Will the Advent of Justin Trudeau Revitalize Canada-China Relations?

Dec 15 , 2015
  • Hugh Stephens

    Distinguished Fellow, Asia Pacific Foundation of Canada

The election in Canada of a majority Liberal government on October 19 headed by 43-year old Prime Minister Justin Trudeau has engendered a sense of anticipation regarding a more activist role for Canada internationally. For Canada-China relations, the assumption of power by Trudeau fils provides a new opportunity to re-energize the bilateral relationship. It was Trudeau’s father, Pierre-Elliott Trudeau, Prime Minister for over 15 years (1968-79; 1980-84), who provided the political push for the establishment of diplomatic relations between Canada and China just over 45 years ago, a diplomatic initiative finally achieved on October 13, 1970. At the time this was an important breakthrough since, among western countries, only Britain (which had never technically broken off relations with Beijing), Switzerland, the Nordics, and France, (which recognized the PRC in 1964), had an embassy in Beijing. In the aftermath of Canadian recognition the floodgates opened and many other countries, from Australia to Japan to Germany and beyond, moved to recognize the PRC using the “Canadian formula” with respect to the mainland’s claims to Taiwan. That issue had been the sticking point in over 14 rounds of negotiations between Canadian and Chinese officials in Stockholm. China insisted that the communique recognize its claim to Taiwan. Canada was unwilling to do so. The acceptable compromise formula finally adopted was for China to state its claim, and for Canada to acknowledge (Canada “takes note of”) the Chinese position without endorsing or denying it. [1]
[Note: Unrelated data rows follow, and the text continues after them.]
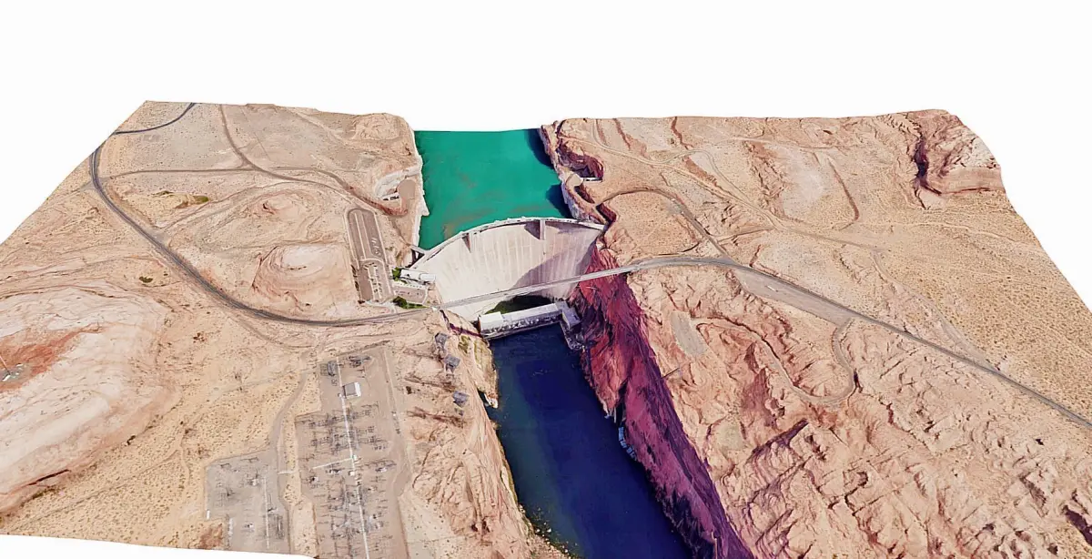 Glen Canyon Dam is a concrete arch-gravity dam on the Colorado River in northern Arizona, United States, near the town of Page. The 710-foot (220 m) high dam was built by the U.S. Bureau of Reclamation (USBR) from 1956 to 1966 and forms Lake Powell, one of the largest man-made reservoirs in the U.S. with a capacity of 27 million acre-feet (33 km3).[3] The dam is named for Glen Canyon, a series of deep sandstone gorges now flooded by the reservoir; Lake Powell is named for John Wesley Powell, who in 1869 led the first expedition to traverse the Colorado’s Grand Canyon by boat. https://en.wikipedia.org/wiki/Glen_Canyon_Dam
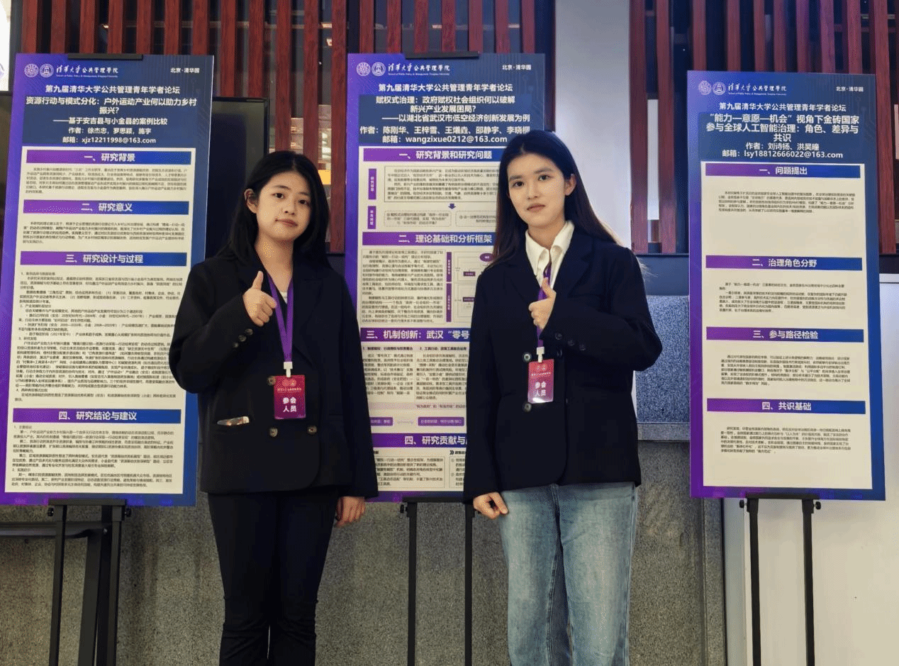 4月18日,在清华大学即将迎来建校115周年之际,第九届清华大学公共管理青年学者论坛暨2026年春季清华大学公共管理学院博士后论坛、清华大学第828期博士生论坛在清华大学公共管理学院举行。我院行政管理专业2023级本科生王梓雪、王爔垚受邀参会。
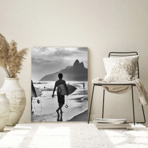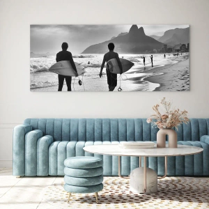 Quadro su vetro - Surfisti sulla spiaggia con tavole, composizione in bianco e nero - 50x70cm - Samba su un'unica onda - Decorazione murale moderna per soggiorno e camera da letto ARTTOR
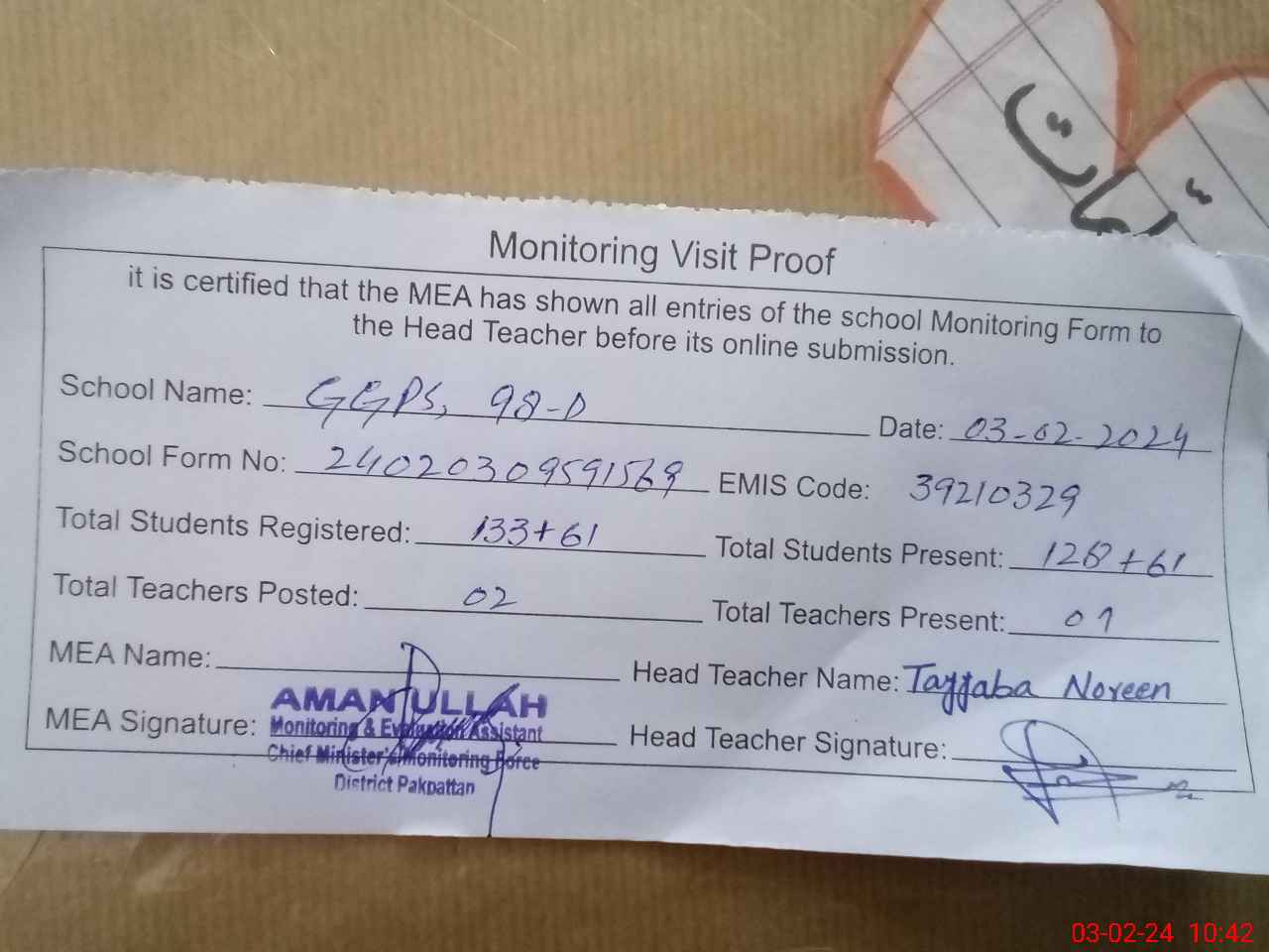 | Attendance Register | Head Teacher | MEA with School | Visit Proof |
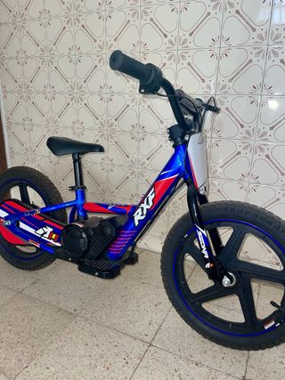 (Oportunidad a Reestrenar) Bicicleta eléctrica RXF de 16 pulgadas en color azul. ¡Como nueva! Perfecto para edades entre 4 y 7 años. - Diseño deportivo. - Ruedas de 16 pulgadas. - Color azul vibrante. - Estado inmejorable.
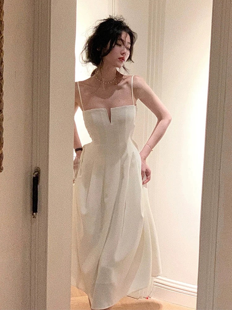 Niulatu A line Spaghetti Straps White Sleeveless Chiffon Prom Dresses Birthday Party Dress HZ1110
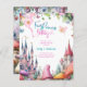 Watercolor inspired Pink Fairy Castle Birthday Invitations

Pierre Trudeau had first travelled to China in 1949 when it was in the grip of revolution and returned again in 1960 after which he and friend Jacques Hebert wrote their book, “Two Innocents in Red China.” When Mr. Trudeau succeeded Lester Pearson as Prime Minister in 1968, part of his platform was to recognize the Peoples’ Republic of China (PRC) and help bring the PRC into world forums such as the United Nations, which it joined in 1971. These were heady early days for Canada-China relations, as Canadians discovered that they had an unknown hero in China, the Canadian Communist Norman Bethune immortalized in Chairman Mao Zedong writings, and as the two countries began exchanges of delegations in every area, from culture to ocean science to geology. The U.S. too was carefully evaluating how to approach China while trying to extricate itself from the Vietnam quagmire. Canadian recognition no doubt helped socialize the idea in North America of normalizing relations with Mainland China, but Trudeau never had to face the kind of Taiwan lobby that Richard Nixon faced. Nixon’s manoeuver of sending Henry Kissinger to Beijing in 1971 to negotiate with the senior Chinese leadership is well known. Both countries established “Liaison Offices” in their respective capitals in 1973. Finally, on January 1, 1979, the U.S. broke off relations with Taiwan and formally established diplomatic links with China.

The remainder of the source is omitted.